## Source material
-- Opening Marker --
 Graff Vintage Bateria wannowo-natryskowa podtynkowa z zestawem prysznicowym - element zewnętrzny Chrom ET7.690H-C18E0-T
-- Closing Marker --
-- Opening Marker --
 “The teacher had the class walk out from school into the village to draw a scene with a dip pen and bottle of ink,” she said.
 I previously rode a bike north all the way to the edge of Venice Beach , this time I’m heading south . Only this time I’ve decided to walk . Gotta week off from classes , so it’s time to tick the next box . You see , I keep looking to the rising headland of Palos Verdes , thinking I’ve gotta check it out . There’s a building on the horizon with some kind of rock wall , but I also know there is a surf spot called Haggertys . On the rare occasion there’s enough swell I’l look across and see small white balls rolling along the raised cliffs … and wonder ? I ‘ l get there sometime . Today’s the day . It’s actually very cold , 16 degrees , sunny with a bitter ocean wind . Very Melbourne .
-- Closing Marker --
-- Opening Marker --
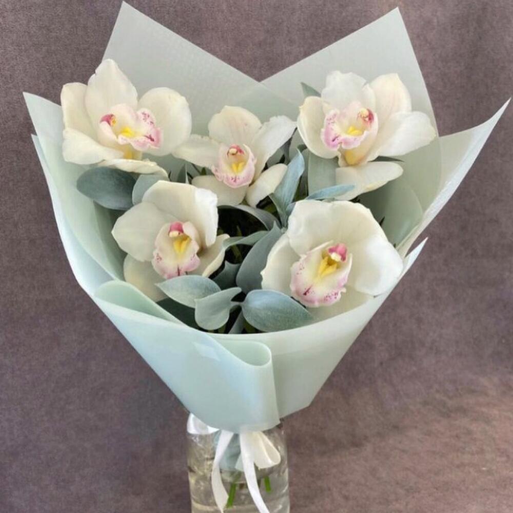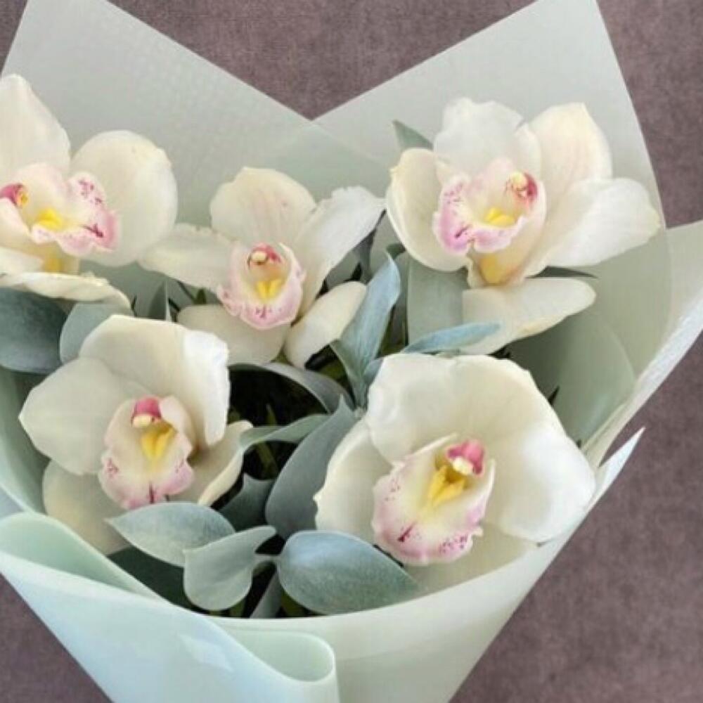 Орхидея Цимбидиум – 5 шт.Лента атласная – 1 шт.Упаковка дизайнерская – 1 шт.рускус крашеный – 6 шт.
-- Closing Marker --
## Work to complete
The lines above from the one containing "teacher had the" through the one containing "I previously rode" are to be set down exactly, and no others.

## Solution to the problem
 “The teacher had the class walk out from school into the village to draw a scene with a dip pen and bottle of ink,” she said.
 I previously rode a bike north all the way to the edge of Venice Beach , this time I’m heading south . Only this time I’ve decided to walk . Gotta week off from classes , so it’s time to tick the next box . You see , I keep looking to the rising headland of Palos Verdes , thinking I’ve gotta check it out . There’s a building on the horizon with some kind of rock wall , but I also know there is a surf spot called Haggertys . On the rare occasion there’s enough swell I’l look across and see small white balls rolling along the raised cliffs … and wonder ? I ‘ l get there sometime . Today’s the day . It’s actually very cold , 16 degrees , sunny with a bitter ocean wind . Very Melbourne .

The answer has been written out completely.